@loiacj, questions
are absolutely the hardest part of data analysis.
There's a more direct way to get principal components than from the output of a pcr
model,
PCs <- prcomp(~ Sepal.Length + Sepal.Width + Petal.Length + Petal.Width, data = iris, scale = TRUE)
PCs
#> Standard deviations (1, .., p=4):
#> [1] 1.7083611 0.9560494 0.3830886 0.1439265
#>
#> Rotation (n x k) = (4 x 4):
#> PC1 PC2 PC3 PC4
#> Sepal.Length 0.5210659 -0.37741762 0.7195664 0.2612863
#> Sepal.Width -0.2693474 -0.92329566 -0.2443818 -0.1235096
#> Petal.Length 0.5804131 -0.02449161 -0.1421264 -0.8014492
#> Petal.Width 0.5648565 -0.06694199 -0.6342727 0.5235971
summary(PCs)
#> Importance of components:
#> PC1 PC2 PC3 PC4
#> Standard deviation 1.7084 0.9560 0.38309 0.14393
#> Proportion of Variance 0.7296 0.2285 0.03669 0.00518
#> Cumulative Proportion 0.7296 0.9581 0.99482 1.00000
plot(PCs)
biplot(PCs)
Created on 2020-01-10 by the reprex package (v0.3.0)

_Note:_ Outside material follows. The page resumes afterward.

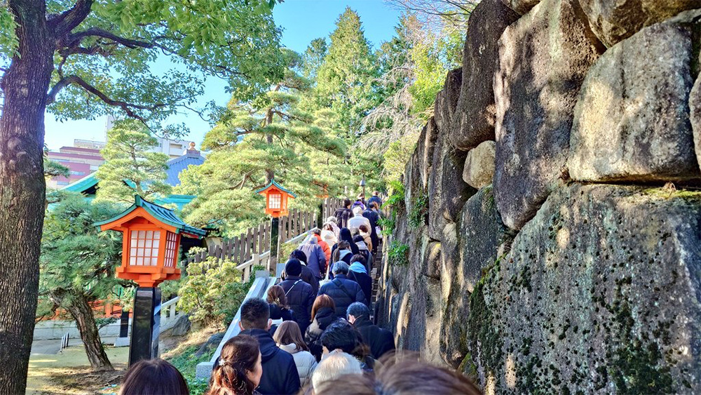石垣→ジグザグの行列→頒布行列を経て、一陽来復御守りを手に入れました。石垣から30分でした。

The first plot demonstrates how principal components differ in their variance. The second is worth pausing over. It's a plot of all the iris
data of the first (PC1) against the second (PC2) component showing vectors of the of the variables projected. This is key to understanding principal components--they are orthogonal
. So, now we've gone from 2-space
to n-space
.
So, how to use principal components in a linear regression model? The only left-over variable, species, is categorical, and that would push us over to glm
methods. So let's rerun and reserve Sepal.Length
as the dependent variable.
PCs <- prcomp(~ Sepal.Width + Petal.Length + Petal.Width, data = iris, scale = TRUE)
y <- iris$Sepal.Width
fit <- lm(y~PCs$x[,1]+PCs$x[,2])
summary(fit)
#>
#> Call:
#> lm(formula = y ~ PCs$x[, 1] + PCs$x[, 2])
#>
#> Residuals:
#> Min 1Q Median 3Q Max
#> -0.0139056 -0.0026317 0.0000775 0.0025267 0.0121509
#>
#> Coefficients:
#> Estimate Std. Error t value Pr(>|t|)
#> (Intercept) 3.0573333 0.0003664 8345.3 <2e-16 ***
#> PCs$x[, 1] -0.1822434 0.0002466 -739.0 <2e-16 ***
#> PCs$x[, 2] -0.3952146 0.0004262 -927.3 <2e-16 ***
#> ---
#> Signif. codes: 0 '***' 0.001 '**' 0.01 '*' 0.05 '.' 0.1 ' ' 1
#>
#> Residual standard error: 0.004487 on 147 degrees of freedom
#> Multiple R-squared: 0.9999, Adjusted R-squared: 0.9999
#> F-statistic: 7.029e+05 on 2 and 147 DF, p-value: < 2.2e-16
Created on 2020-01-10 by the reprex package (v0.3.0)
Does this point you in the right direction?